Но в то же время он был трус, и в особенности боялся начальства, о котором, по-видимому, с детства составил себе понятие как о чем-то неотразимом. Товарищи знали это и, ненавидя "палача", устроивали, от времени до времени, на него облавы и травли, с таким расчетом, чтобы в решительную минуту можно было прибегнуть к защите начальства. В коридоре, в рекреационной зале, в саду, всегда невдалеке от дремлющего надзирателя, мелюзга собиралась толпой, и с криком: "палач! палач!" приближалась к нему. Заслышав этот крик, "палач" вздрагивал и бежал вперед, сложив руки крестом на груди, выгнув шею и стараясь увлечь толпу подальше. Но навстречу ему бежала другая толпа такой же мелюзги и с тем же криком: "палач! палач!" Тогда он останавливался, с проворством кошки оборачивался назад и выхватывал из толпы первого попавшегося под руку мальчугана.

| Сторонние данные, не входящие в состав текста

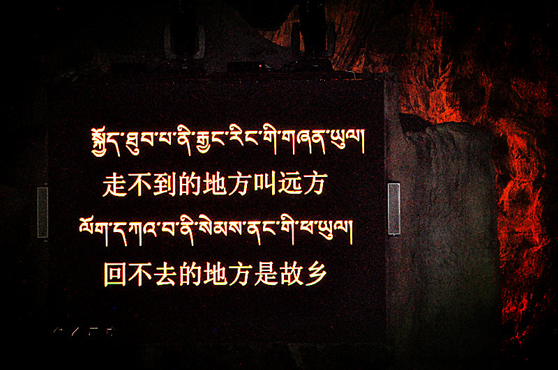 “明亮的月光,照在荒漠高原。河流傍着山,思念化成泪。山的另一旁,悠悠梵音唱。布达拉宫,穿越来世的情感。浩荡的车帐,正给谁做嫁妆。”
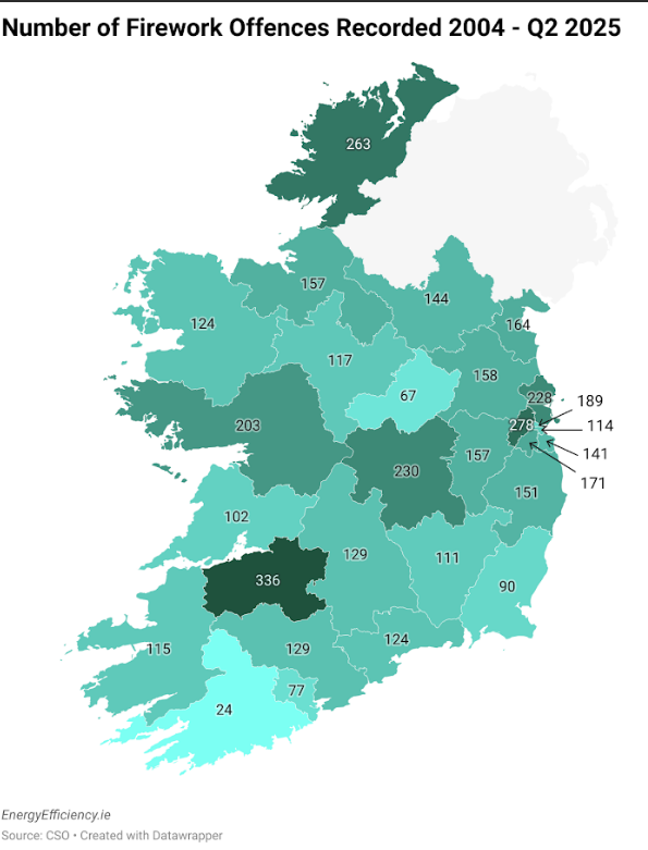 Across the six Garda divisions in Dublin, 1,021 offences related to fireworks were recorded from 2004 to Q2 2025 – around a quarter of the total.
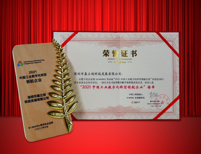 嘉立创以在“运营模式转型”的成功探索,与美的集团、小米集团、三一集团、上汽集团等知名企业一同入选“2021中国工业数字化转型领航企业50强”。
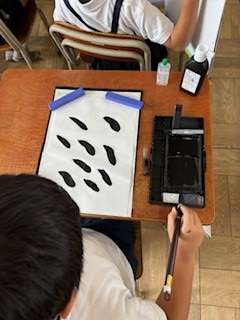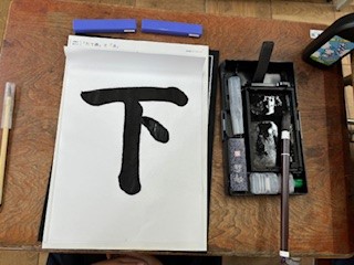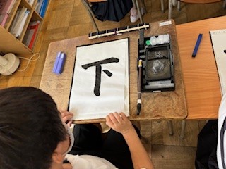 漢字の「下」を書くために、縦書き、横書き、点の練習をしました。「とんすうぴたっ」と言いながら、始筆、送筆、終筆を意識してゆっくり丁寧に筆を運びました。
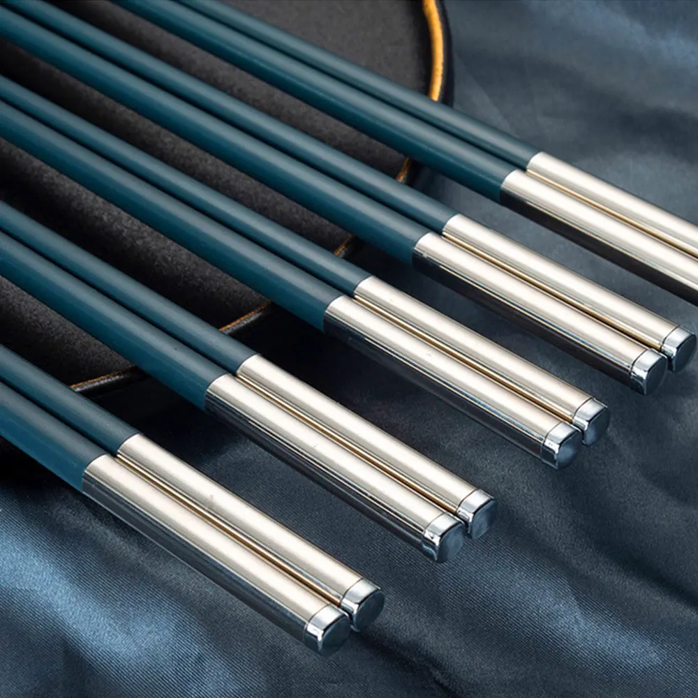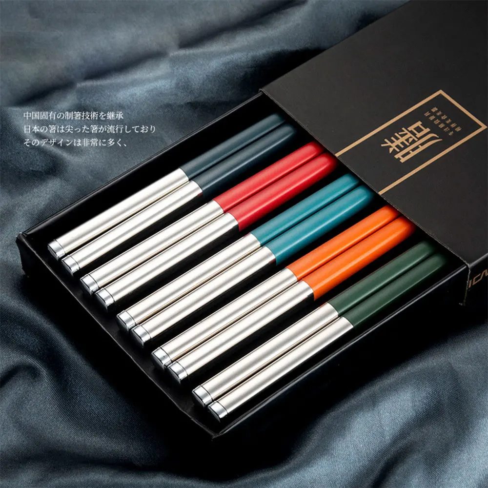 Палочки для суши в китайском, японском и корейском стиле, Нескользящие палочки из сплава, аксессуары для столовой посуды, 5 пар

Начиналась расправа; весь дрожа и тяжело поводя ноздрями, "палач" вывертывал своему пациенту руку и, шипя, произносил:
- Забью!
И бог знает чем могли бы оканчиваться эти пароксизмы бешенства, если б обезумевшего от ужаса мальчугана не выручал надзиратель.
- A genoux, Khmiloff! a genoux, tete remplie d'immondices! {На колени, Хмылов! на колени, голова, полная гадостей!} - гремел голос надзирателя, и "палач" с какой-то горькой усмешкой отрывался от своей жертвы и угрюмо, но беспрекословно, становился на колени.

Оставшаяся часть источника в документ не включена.